Relitigating claims that have been the subject of a settlement between the parties is an abuse of process which will be penalised in costs.
In Andrew Hicks Engineering Ltd v Jenk Associated Ltd and another [2023] EWHC 2031 (Ch) the court has considered the claimant’s claim for the costs of injunctive proceedings in a dispute between the occupiers and owners of an industrial estate.
The case concerned Western Barn Industrial Estate in Winkleigh, Devon, a small industrial estate of four units divided by an access road. The claimant held a 20-year lease of unit 4, the freehold being owned by Mr and Mrs Hicks, its directors and shareholders. The remainder of the freehold of the estate was acquired by the first defendant in 2020. There were discussions as to terms on which the Hicks and the claimant might relocate and the whole estate be developed but no agreement was reached.
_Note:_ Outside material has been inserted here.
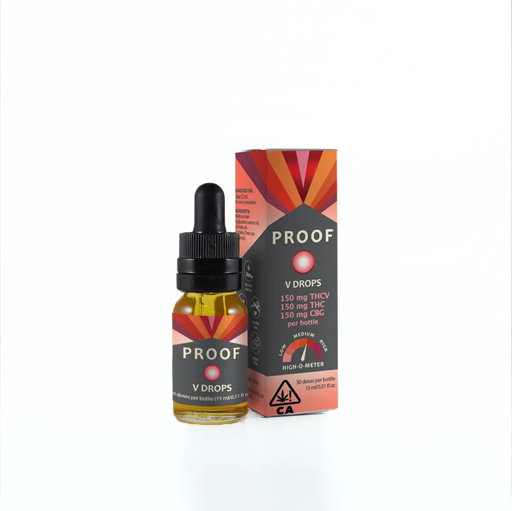 Proof V Drops feature the cannabinoid THCV for an alert and ecstatic experience. Paired with CBG & THC, this formula is designed to uplift and energize. We recommend it for exploration, creativity, and intimacy.

The defendant sought to develop the remainder of the site.
In June 2021, Hicks and the claimant brought proceedings against the defendants for breach of and wrongful interference with rights of access, parking rights and rights to use electricity cables and sewers. The claims were defended and the claimants accused of ransoming the proposed development of the site. Those proceedings were settled by the defendants’ acceptance of the claimants’ Part 36 offer to pay £500,000 in return for the transfer of the freehold of unit 4. The claimants were entitled to their costs of the proceedings. The freehold was transferred in August 2022.
Subsequently each party complained of the other’s conduct. The claimant issued a second claim in September 2022 for substantial interference with its rights and easements over the industrial estate as lessee and sought an interim injunction. That application went to a hearing in October 2022 when undertakings were given to protect the claimant’s rights of way over the access road, rights of parking, turning and storage as well as the passage of electricity. Subsequently the lease of unit 4 was surrendered.
The parties agreed the claimant would discontinue the proceedings without liability for costs but the claimant sought its costs of the injunction. The court concluded that the claims in the second proceedings were all raised in the first proceedings and denied by the defendants. They were settled by the compromise between the parties. The second proceedings were an attempt to relitigate matters which had been litigated and settled and were an abuse of process. The claimant was ordered to pay the defendants’ costs of the application.